Mr. Sheperton growled and got to all four legs. Baneen leaped backwards a half step and then started to rise right off the ground. But they were both frozen in their places by a sudden roaring voice:
“BANEEN! AND WHAT ARE YOU UP TO NOW, ME SLIPPERY LITTLE MAN?” Another gremlin stepped from behind a bush. “What’s going on here?” he demanded “And who are you, dog?”
“Sheperton. Mr. Sheperton,” replied Shep, coldly.
Baneen glided back to the ground and touched down lightly. “Ah there, Lugh, darling,” Baneen said, keeping one eye on Shep. “Sure and all, the grim beast would have killed me five times over if it’d not been for your mighty self coming to my rescue…”
“Rescue is it? That depends on what it is that you’ve been up to,” snapped the second gremlin. “Now answer me quick, or I’ll be putting you under a spell in a damp cellar for five thousand years—and well, you know I can do it! That or anything else I’ve a mind to!”

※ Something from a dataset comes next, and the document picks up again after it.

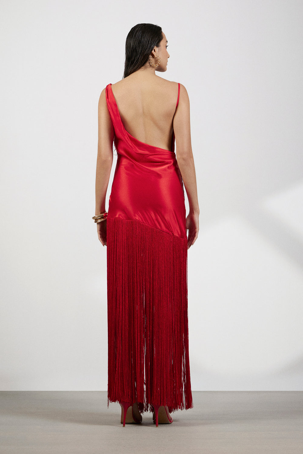 Command attention in this bold red strappy bodycon dress, crafted from luxurious satin for a smooth, luminous finish. Featuring a sultry cowl neckline and a low open back, this design radiates modern elegance with a seductive twist. Delicate tassel accents and a twisted drape detail add a playful edge, making it the perfect statement piece for unforgettable nights out.

Lying there watching them, Rolf believed the newcomer wholeheartedly. There was something about this gremlin named Lugh that was extremely convincing, although at the same time it was puzzling. Because in an odd way, Lugh seemed to be many times larger and more threatening than he actually was. Rolf squinted at him, wondering if the fall from his bike hadn’t done something to his head, after all.